Dynamic Knowledge Graphs for Integrating Multimodal Life Sciences Data in Translational Research

Authors

  • Raghuveer Prasad Yerneni Independent Researcher and Principal Software Engineer, USA Author

Keywords:

AI-powered knowledge graphs, multimodal data integration, translational research, personalized medicine, biological systems, machine learning

Abstract

Translational research is tough because it needs multimodal data from various biological disciplines. Multiple biological data analyses help apply basic scientific insights to therapy. AI-powered knowledge graphs (KGs) may help. Dynamic representation and integration of genomes, proteomics, clinical, and medical imaging data. Understanding complex biological systems, disease processes, and treatment strategies is easier using knowledge graphs. 

Nodes represent genes, proteins, pathways, diseases, and medicines, while edges demonstrate their relationships in life sciences knowledge graphs. These photos include new data and scientific breakthroughs, making them suitable for translational study. AI technologies like ML, DL, and NLP may add semantic information to these networks. Easy to mix facts, find new information, and form hypotheses. New biomarkers, pharmaceutical repurposing, and tailored therapy improve patient outcomes. 

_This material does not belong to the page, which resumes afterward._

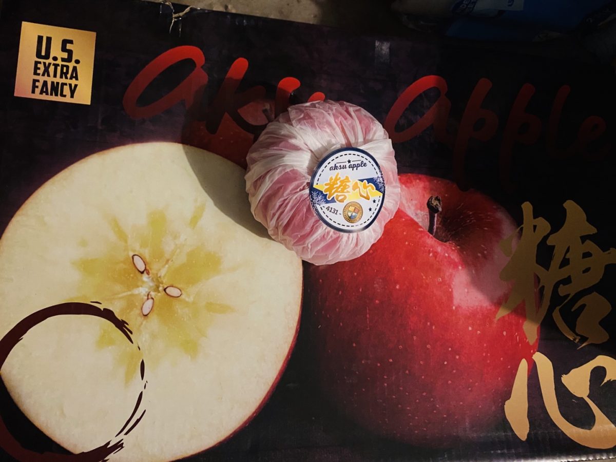 进口蜜苹果,又叫  Aksu Sweetheart Apple 蜜心苹果。一箱15颗。毛重10磅,净重 9-9.5磅。团购价 $22/

Benefits of data-driven dynamic knowledge graphs for multimodal life sciences. Instead of keeping biological data distinct from other data in various research groups or locations, this prevents data fragmentation. Fragmentation hinders biological system understanding and discovery. Knowledge graphs use molecular, cellular, and clinical data to simplify disease and treatment. Knowledge graphs may reveal complex biological and causal links that data analysis ignores. 

Science improves AI-powered knowledge graphs. Research may expand knowledge graphs. They can learn and offer data. Real-world graphs reflect the latest scientific advancements thanks to continuous learning. Flexible dynamic knowledge graphs may be utilised in pharmaceutical development, personalised medicine, clinical decision-making, and epidemiology. 

Knowledge graphs driven by AI can combine data, promising medicinal development. Complex biological linkages reveal novel therapeutic targets and predict safety and effectiveness. The graph shows drug-target interactions, explaining drug activity and off-target consequences. Knowledge graphs disclose new medical uses, aiding translational research. They demonstrate how drugs alter new biomarkers or disease pathways. 

Personalised medicine, another translational research topic, benefits from dynamic knowledge graphs with several data sources. Genomic, transcriptomic, proteomic, and clinical data may be used to create knowledge graphs of patients' illnesses. Individualised therapy may improve therapies since each patient is physiologically distinct. To update treatment plans, these visualisations are updated live as patient data arrives. 

Dynamic knowledge graphs have difficulties but are useful in translational research. Combining data from many sources with different formats, sizes, and quality is difficult. Researchers are standardising protocols and data formats for integration. AI models that evaluate knowledge graph data must be validated for pharmaceutical development and clinical choices. Scalability is another knowledge graph issue. As life sciences generate more data, we need better techniques to store, organise, and understand large graphs. 

Biologists, medics, data scientists, and engineers must collaborate on AI-powered knowledge graph translational research. Biology and AI/graph expertise are needed to incorporate life sciences data to dynamic knowledge graphs. Multiple professions must collaborate to build scientifically correct and technically strong knowledge graphs. This ensures translational research success.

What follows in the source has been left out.